Saladino's Foodservice
- Company type: Private
- Industry: Retail, foodservice
- Founded: 1944; 82 years ago
- Headquarters: 3325 W Figarden Drive, Fresno, California, United States
- Key people: Craig Saladino, President & CEO Don Saladino, Chairman
- Services: Foodservice distribution
- Owner: US Foods Holding Corp
- Website: www.saladinos.com

= Saladino's Inc =

Foodservice in Fresno, California

Saladino's, Inc. (also known as Saladino's Foodservice) is a privately owned foodservice distributor based in Fresno, California. Saladino's ranks 19th among the largest food distributors in the United States.

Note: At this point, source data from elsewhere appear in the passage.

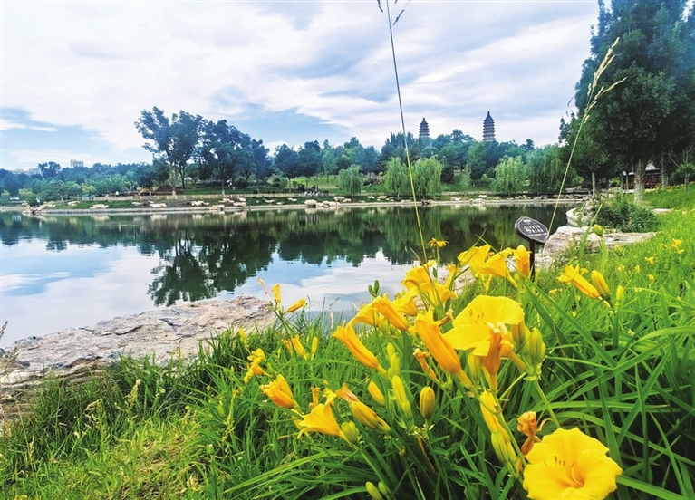 双塔公园里大花萱草已经盛开,游客沿着跑道漫步,随处可见萱草纤长的翠叶、粉红的花色,带给人们无尽的视觉享受;南海子公园的金娃娃萱草花也开得正好,暖黄色的花朵在微风中摇曳,散发着淡淡的清香,高高的花葶在风中摇摆,淡雅沉静、静谧柔美;还有和平公园、龙潭公园、古城公园内的多花萱草、折叶萱草、矮萱草等,金黄、橙黄、大红的花朵竞相绽放,连绵成片,美不胜收,与周遭亭台廊榭、小桥流水相辉映,有着“灿灿萱草花,罗生北堂下”的意境。
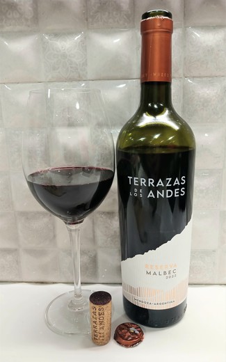 INTRODUCCIÓN: Vamos de nuevo con este monovarietal de malbec argentino del que ya disfrutamos sus añadas 2011 y 2016, veamos esta 2022 que compramos en una feria de vinos. Leemos que "100 parcelas son las que se han utilizado para la elaboración de Terrazas de los Andes Malbec Reserva un tinto coupage donde se unen los mejores viñedos de Luján de Cuyo y Uco (dos valles ubicados en Mendoza, Argentina). Las uvas de Terrazas de los Andes Malbec Reserva se vendimian en Eugenio Bustos, Las Compuertas, Paraje Altamira, Los Chacayes y Gualtallary. Estos seis viñedos, propiedad de la bodega, se encuentran a una altitud entre los 1070 y los 1250 metros. Cada parcela se trabaja por separado y la vendimia se realiza a mano. Las uvas llegan a la bodega, donde serán despalilladas y maceradas por separado. La fermentación se realiza en dos depósitos distintos: una parte lo hará en barricas de roble francés usadas durante 12 meses, mientras que la otra lo hará en piletas de hormigón. Una vez convertido en vino se cata para decidir si es necesario la clarificación. Por último, este tinto se embotella y pasa un mínimo de 14 meses en reposo antes de lanzarse al mercado." Pero vamos a lo nuestro. Abrimos la botella, servimos en la copa y esperamos 45 minutos antes de proceder con su valoración a 17°C. Corcho prensado, largo, compacto y tintado apenas 1 mm desde su base.
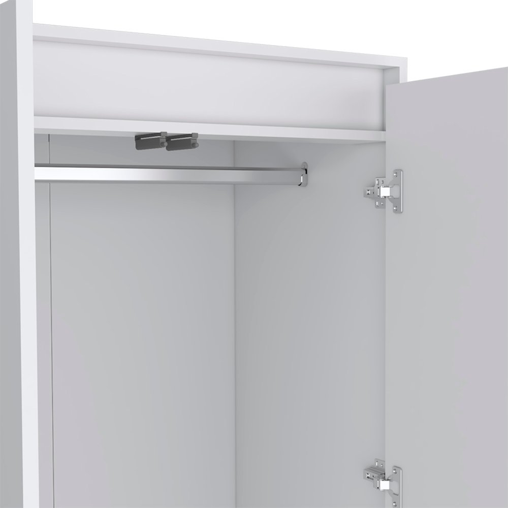 This 32-inch white two drawer combo dresser is a practical and good looking accent for your bedroom storage and organizational needs. Versatile in use, this combo dresser is equipped with both drawers and doors for all your storage needs. Its a high quality piece, made from high grade manufactured wood. The white coloration of this piece is neutral and will blend easily with most any decor. 70.87-inch H x 31.50-inch W x 20.47-inch D
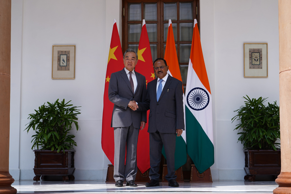 王毅強(qiáng)調(diào),歷史和現(xiàn)實(shí)一再證明,中印關(guān)系健康穩(wěn)定發(fā)展符合兩國人民根本利益,也是廣大發(fā)展中國家的共同期待。雙方應(yīng)按照兩國領(lǐng)導(dǎo)人戰(zhàn)略指引,秉持雙軌并進(jìn)、相互促進(jìn)、良性循環(huán)的思路看待和處理雙邊關(guān)系和邊界問題,通過對話溝通增進(jìn)互信,擴(kuò)大交流合作,共同推動在邊境管控、劃界談判、跨境交流等方面匯聚共識、明確方向、設(shè)定目標(biāo),妥善解決具體問題,取得更多積極進(jìn)展,為兩國關(guān)系改善發(fā)展不斷營造有利條件。

In 2023, it was announced that US Foods Holding Corp. had completed the purchase of Saladino's for $56 million.

==History==
Saladino's was founded in 1944 by Don Saladino. Saladino gained experience working in his father's grocery store in Fresno, California. Saladino combined his meatpacking experience with family recipes from the Calabrese region in Italy to form the Saladino's Sausage Company. Initially, Saladino focused primarily on distributing sausage products to local grocery stores. In 1980, Don's son, Craig Saladino, joined the business, and the company expanded their products to include a wider variety of sausage and meat products while also beginning distribution to local pizzerias and restaurants.

In 2001, Saladino's moved to a larger facility located further north in Fresno. Their largest customer is the restaurant chain Subway. In that same year, they also expanded their operations to include additional warehouses located in Ontario, California, and West Sacramento, California. They operate in California, as well as parts of Arizona, Nevada, Idaho, and Oregon.

US Foods acquired Saladino's Foodservice in November 2023.